Tegen dit besluit hebben verzoekers een bezwaarschrift en een beroepschrift ingediend. Tevens hebben zij de voorzieningenrechter verzocht een voorlopige voorziening te treffen.
Het verzoek is op 14 augustus 2007 behandeld ter zitting. Verzoekers hebben zich laten vertegenwoordigen door hun gemachtigde. Namens verweerder zijn P.B. Kruit en A. Bouziani verschenen. Voor het HKPD zijn verschenen M. van Damme, D.J.P. Bruijnooge, A.M.L. Heering en H.A.J. van Hoepen, bijgestaan door mr. J. Boogaard en mr. S. Saija, advocaten te Middelburg.
1. Ingevolge artikel 8:81 van de Algemene wet bestuursrecht (Awb) kan, indien tegen een besluit bij de rechtbank beroep is ingesteld dan wel, voorafgaand aan een mogelijk beroep bij de rechtbank, bezwaar is gemaakt of administratief beroep is ingesteld, de voorzieningenrechter van de rechtbank die bevoegd is of kan worden in de hoofdzaak, op verzoek een voorlopige voorziening treffen, indien onverwijlde spoed, gelet op de betrokken belangen, dat vereist.
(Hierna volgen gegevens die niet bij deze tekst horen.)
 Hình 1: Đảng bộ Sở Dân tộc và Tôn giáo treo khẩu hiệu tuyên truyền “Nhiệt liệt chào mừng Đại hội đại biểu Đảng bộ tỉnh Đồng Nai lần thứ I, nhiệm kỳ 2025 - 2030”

Voor zover daarbij de toetsing door de voorzieningenrechter meebrengt dat het geschil in de bodemprocedure wordt beoordeeld, heeft het oordeel van de voorzieningenrechter daaromtrent een voorlopig karakter en is dat niet bindend voor de beslissing in die procedure.
2. Verzoeker [verzoeker 1] is eigenaar van een aantal woonappartementen aan de Coosje Buskenstraat te Vlissingen. Verzoekers [verzoekers 2] zijn eigenaar van [verzoeker 3], gelegen aan de Coosje Buskenstraat.
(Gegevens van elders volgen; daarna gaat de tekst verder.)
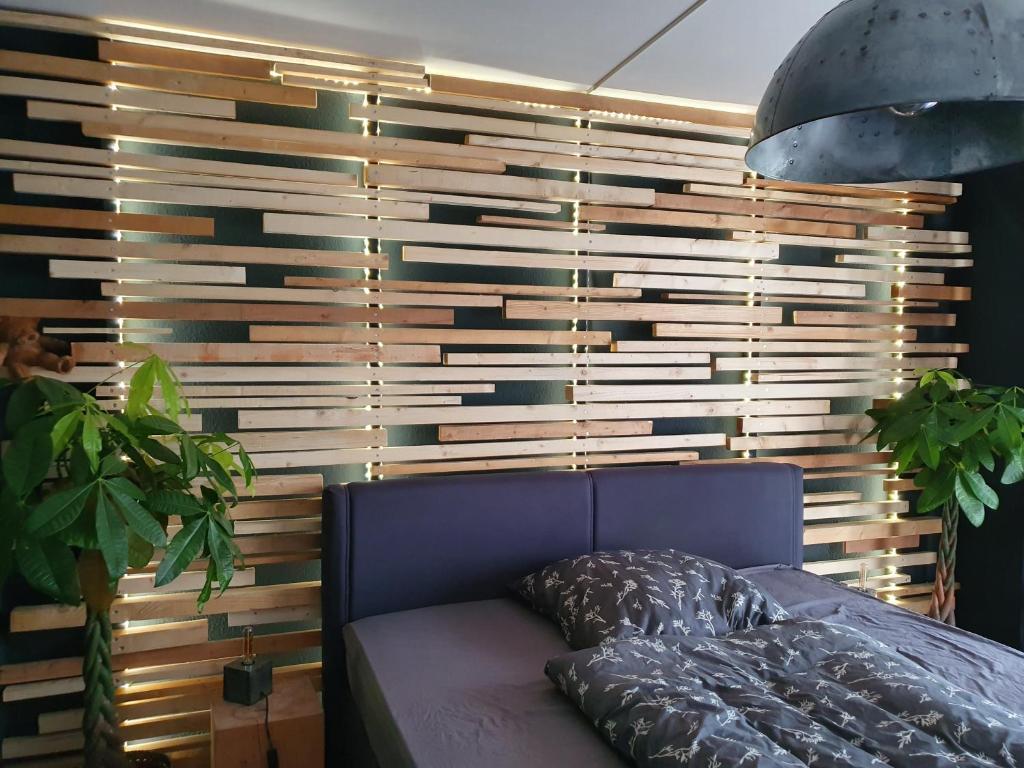 Die Ferienwohnung „Black & Wood“ liegt im Herzen der Stadt Cottbus. Sie ist stylisch und mit sehr viel Liebe zum Detail gestaltet. Sie bietet mit ihren 38 m² Platz für bis zu 2 Personen und befindet sich im Erdgeschoss, Die 1-Raum-Wohnung verfügt über einen Wohnbereich mit Doppelbett, welcher fließend in den Koch- und Essbereich übergeht. Außerdem bietet die Wohnung eine kleine, gemütliche Terrasse. Die Küche ist mit Herd, Kühlschrank, Mikrowelle, Kaffeemaschine uvm. voll ausgestattet und bietet alles, was man für ein entspanntes Frühstück oder einen gemütlichen Kochabend braucht. Zudem gibt es selbstverständlich kostenfreies W-LAN, Kaffee und Tee. In der Wohnung wurde mit Holzelementen und indirekter Beleuchtung gearbeitet, um ein angenehmes Wohnklima zu schaffen. Der mitgebrachte PKW kann kostenfrei in der Tiefgarage abgestellt werden.

3. Volgens het geldende bestemmingsplan Boulevard, 1e herziening, met bijbehorende plankaart, heeft het betreffende perceel waarop de panden zijn gelegen, de bestemming ‘woondoeleinden’ met subbestemming ‘stapelwoningen’. Artikel 9, eerste lid, van het bestemmingsplan bepaalt dat de gronden met de bestemming woondoeleinden uitsluitend mogen worden gebruikt voor de huisvesting van personen.
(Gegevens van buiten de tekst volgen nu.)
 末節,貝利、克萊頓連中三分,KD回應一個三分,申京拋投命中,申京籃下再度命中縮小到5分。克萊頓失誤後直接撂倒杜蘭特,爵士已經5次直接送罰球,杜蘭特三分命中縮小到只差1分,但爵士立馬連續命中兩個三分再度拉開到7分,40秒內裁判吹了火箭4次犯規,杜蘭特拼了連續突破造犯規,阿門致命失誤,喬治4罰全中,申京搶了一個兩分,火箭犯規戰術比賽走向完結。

4. [verzoeker 1] heeft verweerder bij brieven van 30 oktober 2003 en 15 februari 2004 verzocht om handhavend op te treden tegen het met de bestemming strijdige gebruik van de panden. Bij besluit van 9 maart 2004 heeft verweerder [verzoeker 1] meegedeeld dat de ambitie van de gemeente Vlissingen is te komen tot een ‘verslavingszorg nieuwe stijl’ en dat in dat kader is besloten de activiteiten van het HKPD in de panden te beëindigen en vervangende huisvesting te zoeken. Tevens is aangegeven dat niet zal worden overgegaan tot handhaving van de voorschriften van het geldende bestemmingsplan maar dat het huidige gebruik van de panden gedurende de overgangsperiode naar de nieuwe huisvesting zal worden gedoogd. Het besluit vermeldt voorts als verwachting dat een en ander binnen twee jaar zal kunnen worden gerealiseerd. Tegen vormen van overlast zal handhavend worden opgetreden. Bij brief van 30 maart 2004 is [verzoeker 1] met deze oplossing akkoord gegaan, op voorwaarde dat de termijn van twee jaar niet wordt overschreden en dat de overlast wordt teruggebracht.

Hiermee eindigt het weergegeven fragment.